Brains can hold a remarkable amount of information within their networks of interconnected neurons. We often think of associative memory as a graph, with nodes representing objects or events, and edges (lines) representing the associations between them. However, little is known of how complex representations, such as categories or place-reward associations, are learned and encoded by the activity and connectivity of neuronal assemblies.

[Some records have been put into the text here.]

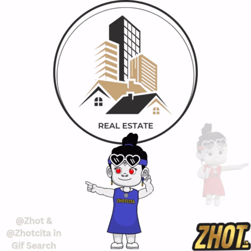 A cartoon girl with heart-shaped sunglasses points to a circular real estate logo featuring buildings and houses.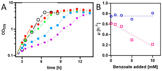(A) Growth curves of E. coli Rosetta(DE3) pLysS containing expression plasmid pASG_mod-benK in LB medium with different added benzoate concentrations (0, 1, 2.5, 5, and 10 mM in red, orange, green, blue, and purple). Gene induction was started 3 h after inoculation. The growth curve of the same strain without a plasmid in LB medium with 5 mM benzoate is shown (open black circles). (B) Growth rate dependence of E. coli containing or lacking the benK gene from added benzoate (magenta and blue, respectively).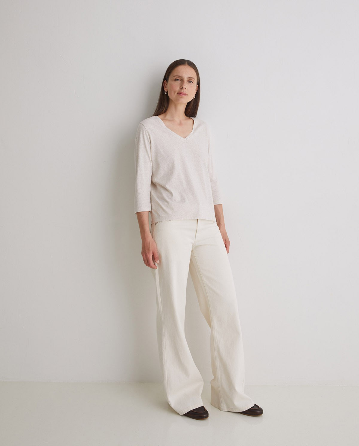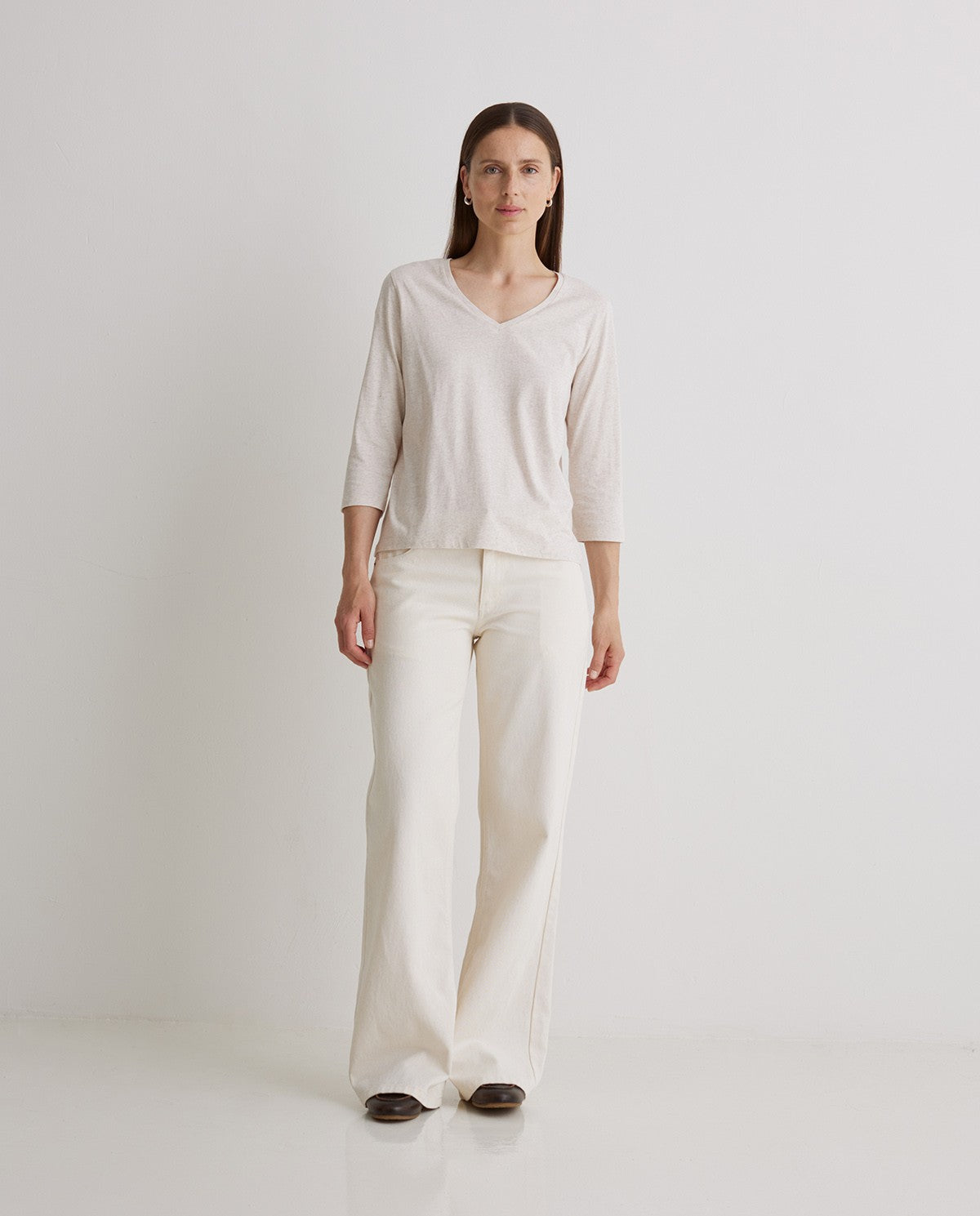 T-shirt in 100% cotone biologico. Vestibilità regolare. Scollo a V. Maniche a 3/4. Ricamo.  Composizione: 100% cotone biologico.La modella è alta 175 cm e indossa una taglia S. Il cotone biologico è coltivato senza pesticidi o fertilizzanti chimici, il che lo rende un'opzione più morbida e delicata sulla pelle. È biodegradabile e prodotto in modo sostenibile ed ecologico, riducendo al minimo il suo impatto sull'ambiente.

We address these questions at the cellular and circuit level, by performing long-term calcium imaging experiments in the primary and higher visual cortical areas and in the medial prefrontal cortex of the mouse. We make use of two-photon microscopy to image calcium activity of large groups of neurons throughout the process of learning visual categories. By quantifying changes in function of neurons within specific brain areas, we aim to determine different stages of the process of forming abstract/complex representations.
Conventional two-photon microscopes are large and heavy setups and cannot easily be adopted to behavioral paradigms that require the mouse to roam-around freely, such as place-reward learning. Therefore, we additionally make use of a head-mounted miniaturized epifluorescence microscope that the mouse can carry around while performing maze-learning tasks.
Using these approaches, we identify specific cells and circuits in the brain that are involved in learning of episodic or semantic associations. In subsequent steps, we aim to trace connectivity within, and the inputs to, these circuits in order to better understand how learned representations arise from changes in the underlying synaptic connectivity.